Di era demokrasi yang amat liberal seperti sekarang, dimana sumber potensial alam bebas dikelola oleh perseorangan (swasta), rakyat Indonesia selalu kalah dan tentu saja selalu dirugikan. Dalam kondisi seperti ini, Negara betul-betul tidak hadir untuk menjembatani dan melindungi hak-hak rakyat Indonesia. Padahal, jika kita mengacu pada konstitusi, distribusi kekayaan alam tidak pernah diperuntukkan dan dikelola perseorangan, tetapi Negara sendiri yang mengelola dan kemudian seluas-luasnya didistribusikan untuk kepentingan seluruh rakyat Indonesia. Sejauh ini wacana konstitusi pada praktiknya tidak pernah dijalankan oleh Negara. Konstitusi yang dirumuskan untuk menjadi arah kemana Negara ini harus berlabuh pun tidak diikuti. Demokrasi liberal sejatinya telah menghegemoni dan menyesatkan seluruh rakyat Indonesia ke jalan yang amat menyengsarakan. Imbasnya, yang kalah yang dirugikan yang dikorbankan siapa lagi jika bukan seluruh rakyat Indonesia.
Sistem kapitalisme yang menghendaki dan membebaskan kekayaan dimiliki hanya oleh segelintir orang, menjauhkan cita-cita luhur bangsa kita yang menghendaki adil makmur seluruh takyat indonesia dengan kekayaan alam yang melimpah. Dengan pembiaran campur tangan perseorangan (Swasta) dalam mengelola sumber daya alam, itu artinya Negara secara sengaja menghisap hak warga negara dengan menggunakan tangan orang lain.

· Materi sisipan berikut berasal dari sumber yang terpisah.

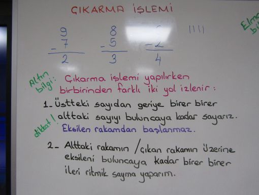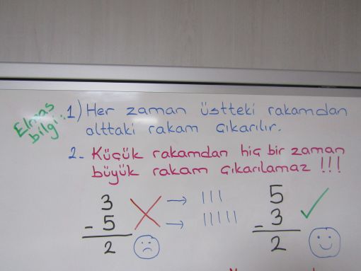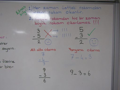GÜNÜN ÇALIŞMALARI... ![]() Konunun devamında sıra oraya gelecek zira. Günün ikinci kısmında ise yine matematik ve çıkarma işlemi vardı. Çıkarma işleminin püf noktalarını anlattık. Tahtaya küçük notlar yazdık. Altın bilgiler ile konunun önemli kısımlarını vurguladık. İki basamaklı sayıdan tek basamaklı bir rakamın çıkarılmasına kadar geldik ve onu da gösterdik. Çıkarma işleminin en ince noktalarının öğrenilmesine çalıştık. Altın bilgiler, bu işin can damarıdır. ![]() ![]() ![]() ![]() ![]() ![]() ![]() ![]() ![]() ![]() ![]() |
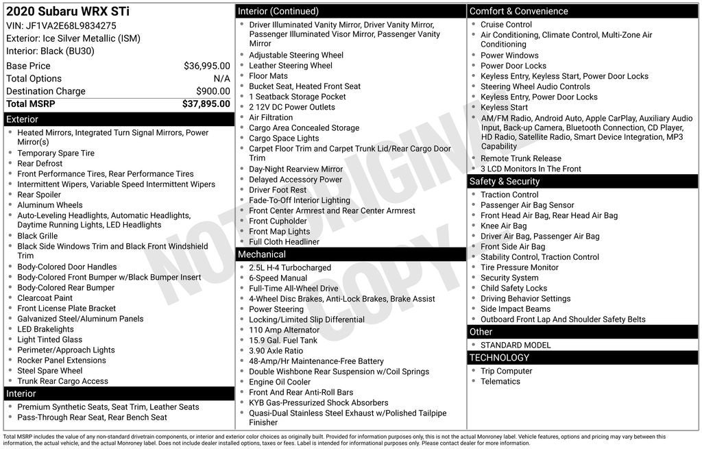 Whether you're carving through winding mountain roads or navigating the daily commute, the 2020 Subaru WRX STi is a true driver's car that delivers an uncompromising blend of power, precision, and poise. Experience the thrill of Subaru's motorsport heritage and schedule a test drive today. This exceptional sports car is waiting to redefine your driving experience.
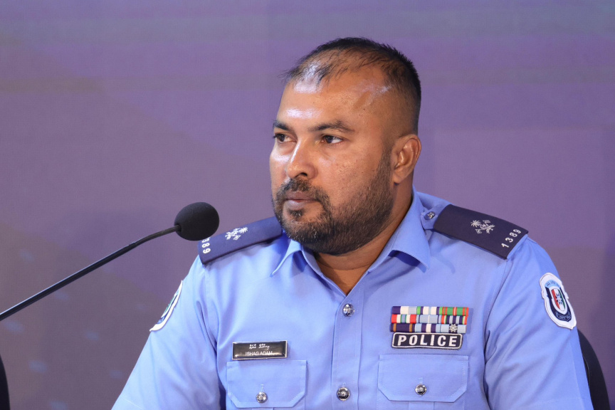 Head of Gang Crimes Enforcement, Superintendent of Police Ishaq Adam speaks at a police press conference on December 30, 2025. (Photo/Maldives Police Service)
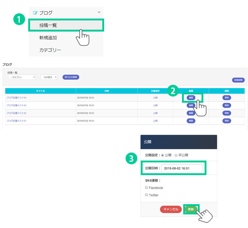 ブログの投稿日時を変更、 または未来の日付を設定して予約投稿をします。
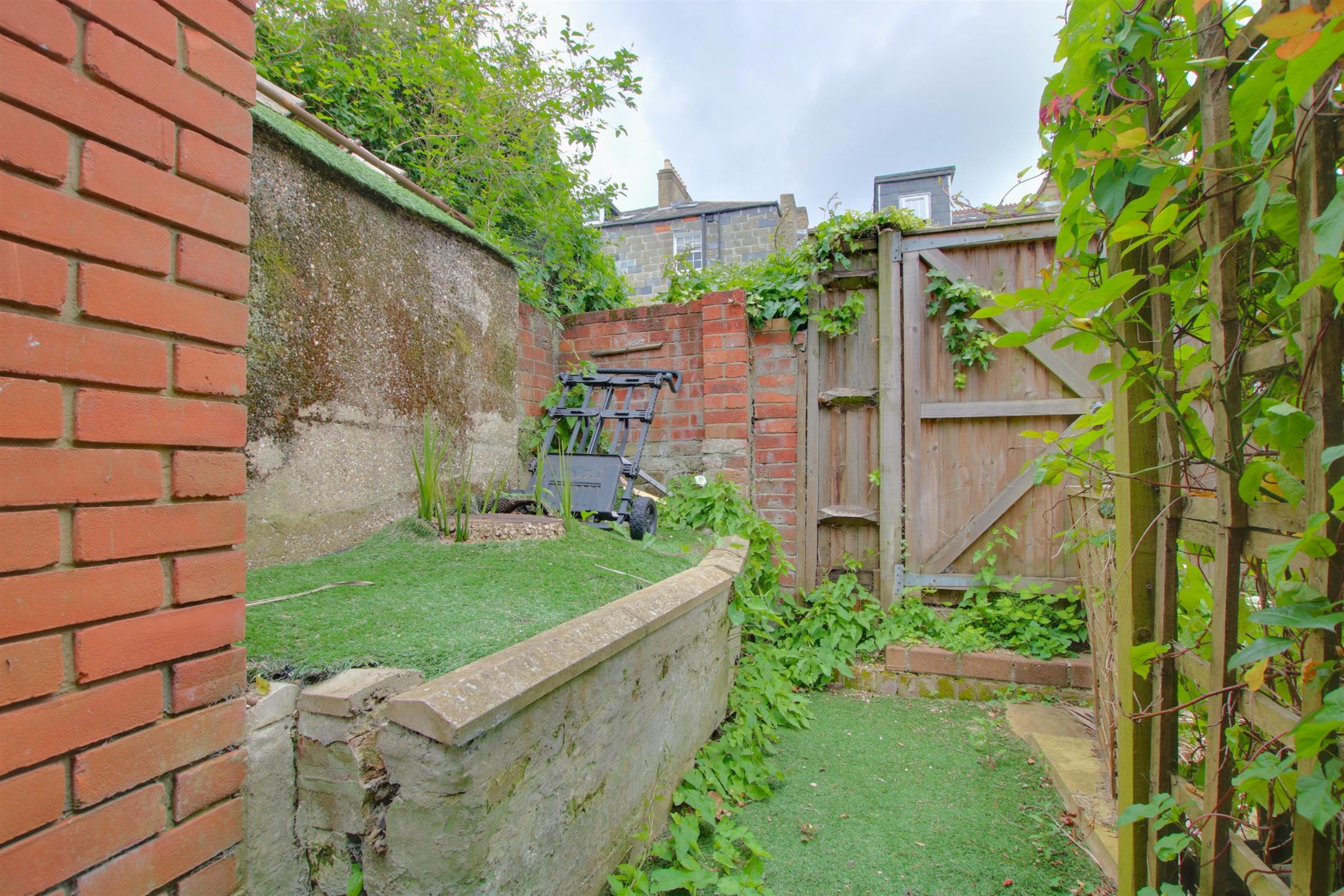 The rear courtyard garden is fully enclosed and is laid with artificial lawn. Gate providing rear access.
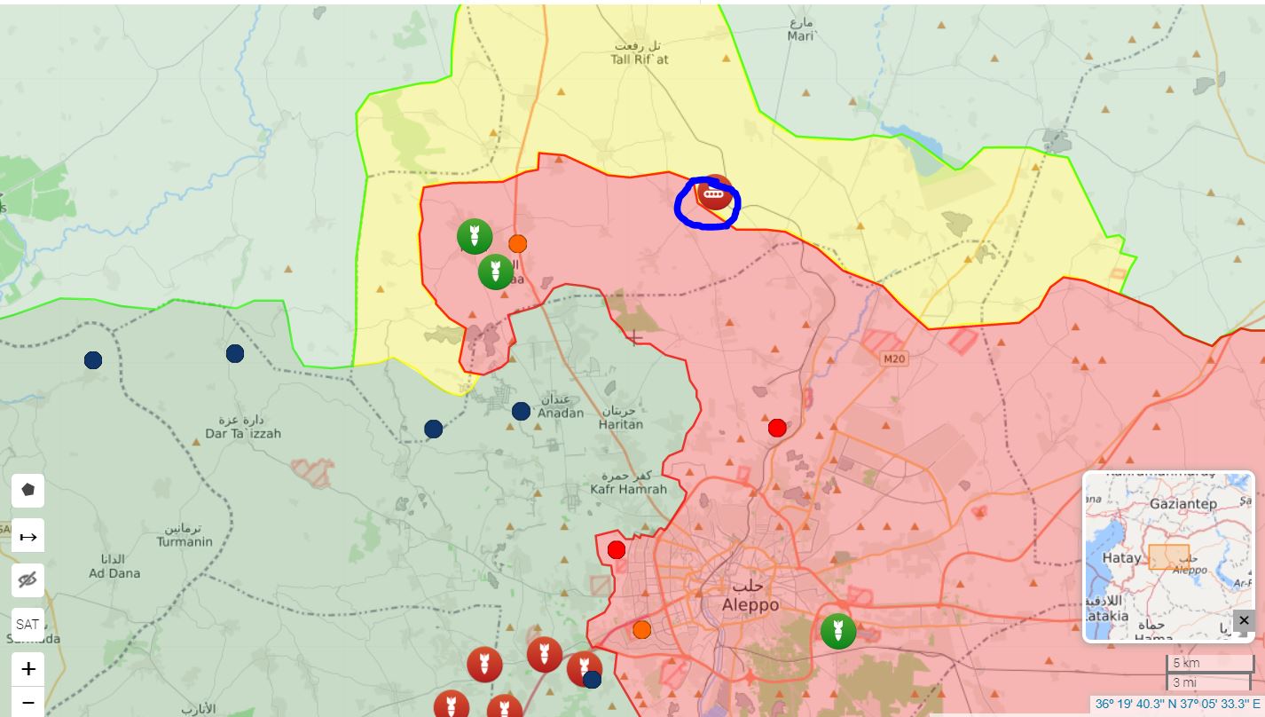 Okolo 200 ~ 250 pro-Assad bojovníkov, tankov a obrnených transportérov prišlo do dediny al Ahr Ardas južne od Tel Rifaat
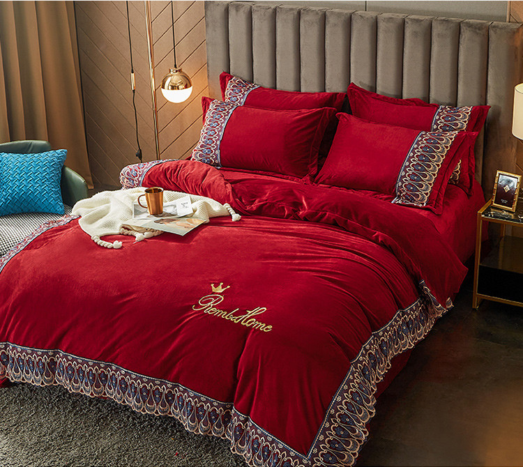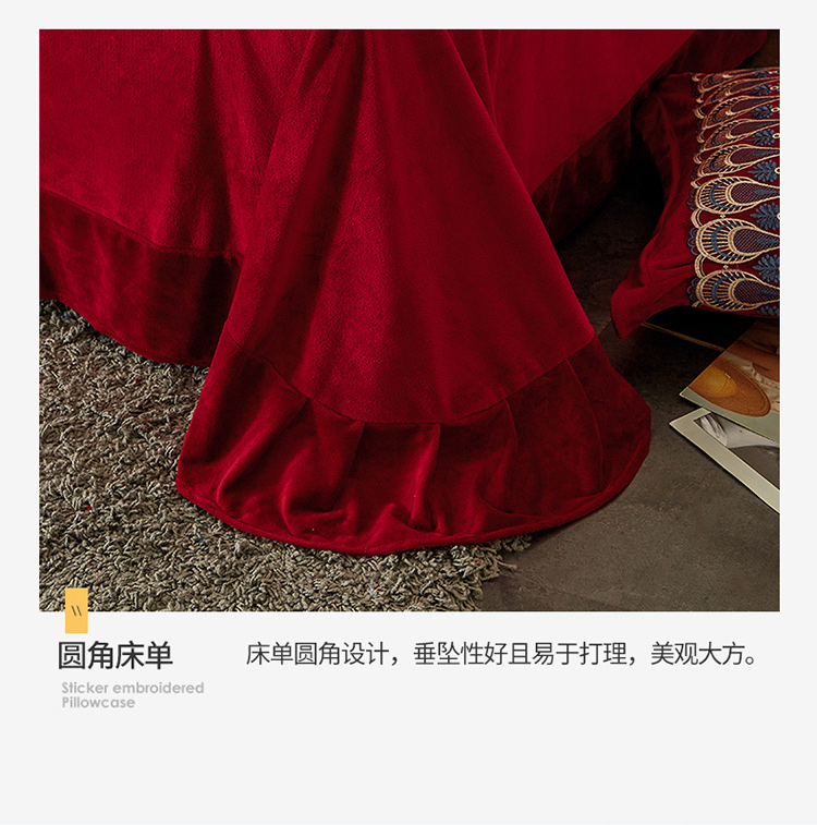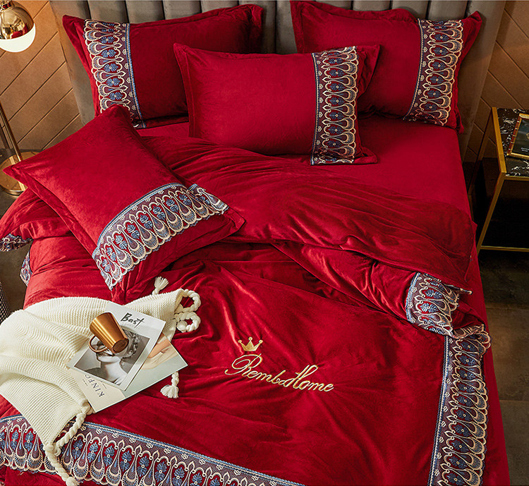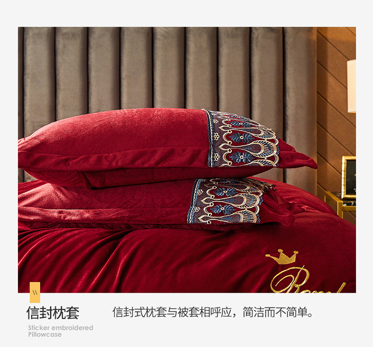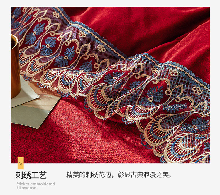金米诺爆款公主风工艺款纯色加厚水晶绒绣花四件套赫拉之恋-酒红
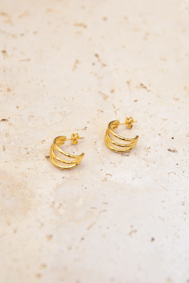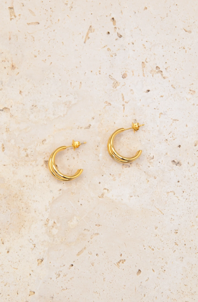 The Yvette Hoop Earrings in gold make a bold statement with their striking design. Expertly crafted to combine modern style and timeless elegance, these earrings enhance any outfit with confidence and sophistication.

Tentu saja kita sama sekali tidak ingin Bangsa kita terus menerus seperti ini, dimana masa depan bangsa suram atas difisit kekayaan alam yang dieksploitasi tiada henti dan hanya menguntungkan segelintir orang saja. Untuk menjamin keberlangsungan hidup berbangsa dan bernegara dengan stok kekayaan yang tersisa ini, upaya yang harus kita dorong dan ambil adalah menarik kembali kapal Indonesia yang tersesat jauh untuk kembali mengikuti arah bintang yang menghendaki keselamatan seluruh rakyat Indonesia.